___ Records to process ___
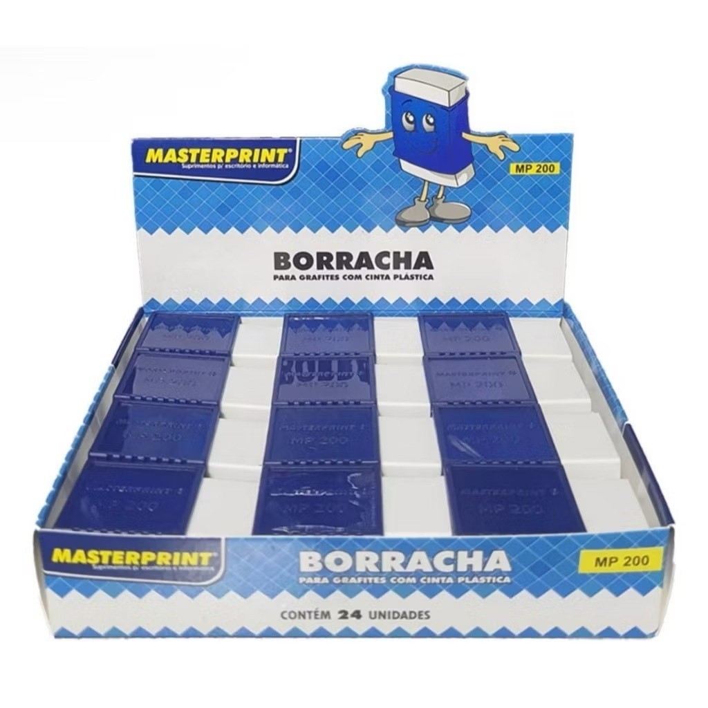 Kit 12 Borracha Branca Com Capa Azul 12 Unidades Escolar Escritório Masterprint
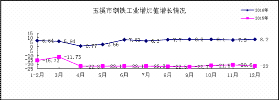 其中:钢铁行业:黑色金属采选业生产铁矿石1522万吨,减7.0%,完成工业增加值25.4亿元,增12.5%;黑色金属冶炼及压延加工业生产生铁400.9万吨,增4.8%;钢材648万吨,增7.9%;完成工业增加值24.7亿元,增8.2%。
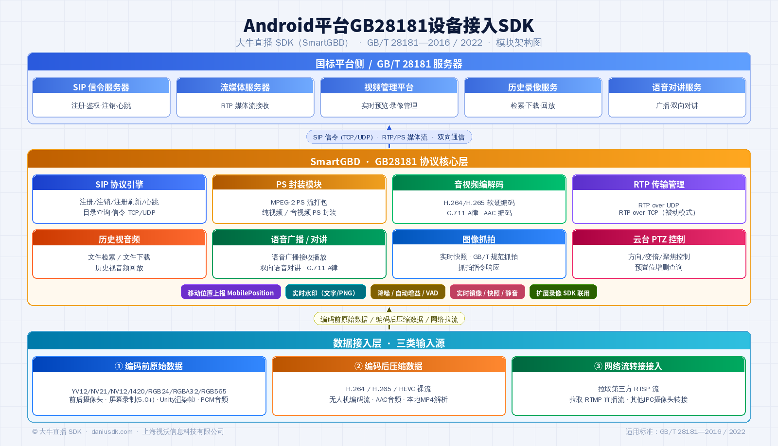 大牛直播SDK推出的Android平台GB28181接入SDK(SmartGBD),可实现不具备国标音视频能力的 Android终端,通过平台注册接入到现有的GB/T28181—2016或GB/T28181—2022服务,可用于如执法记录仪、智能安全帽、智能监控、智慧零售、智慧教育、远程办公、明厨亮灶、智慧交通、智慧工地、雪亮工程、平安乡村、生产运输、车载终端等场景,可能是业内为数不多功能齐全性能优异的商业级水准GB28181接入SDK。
___
___ Records to process ___
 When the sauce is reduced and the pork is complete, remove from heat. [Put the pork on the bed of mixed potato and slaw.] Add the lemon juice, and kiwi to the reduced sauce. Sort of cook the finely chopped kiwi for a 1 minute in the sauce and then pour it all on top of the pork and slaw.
___
___ Records to process ___
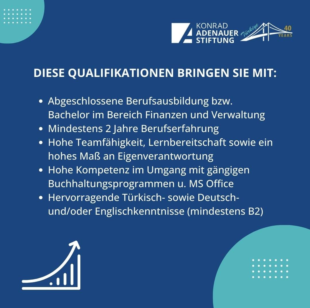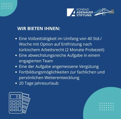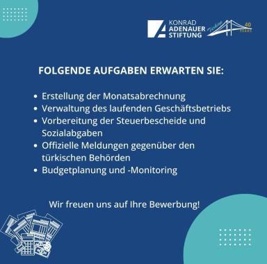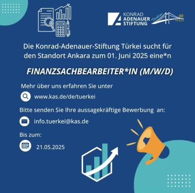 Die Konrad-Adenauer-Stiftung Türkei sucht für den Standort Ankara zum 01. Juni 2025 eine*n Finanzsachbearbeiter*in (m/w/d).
___
◆ Task objective:
Starting at the line above that contains "Kit 12 Borracha", transcribe every line exactly through the line that contains "大牛直播SDK推出的Andr", including that last one, and skip the pictures.

◆ Exercise solution:
 Kit 12 Borracha Branca Com Capa Azul 12 Unidades Escolar Escritório Masterprint
 其中:钢铁行业:黑色金属采选业生产铁矿石1522万吨,减7.0%,完成工业增加值25.4亿元,增12.5%;黑色金属冶炼及压延加工业生产生铁400.9万吨,增4.8%;钢材648万吨,增7.9%;完成工业增加值24.7亿元,增8.2%。
 大牛直播SDK推出的Android平台GB28181接入SDK(SmartGBD),可实现不具备国标音视频能力的 Android终端,通过平台注册接入到现有的GB/T28181—2016或GB/T28181—2022服务,可用于如执法记录仪、智能安全帽、智能监控、智慧零售、智慧教育、远程办公、明厨亮灶、智慧交通、智慧工地、雪亮工程、平安乡村、生产运输、车载终端等场景,可能是业内为数不多功能齐全性能优异的商业级水准GB28181接入SDK。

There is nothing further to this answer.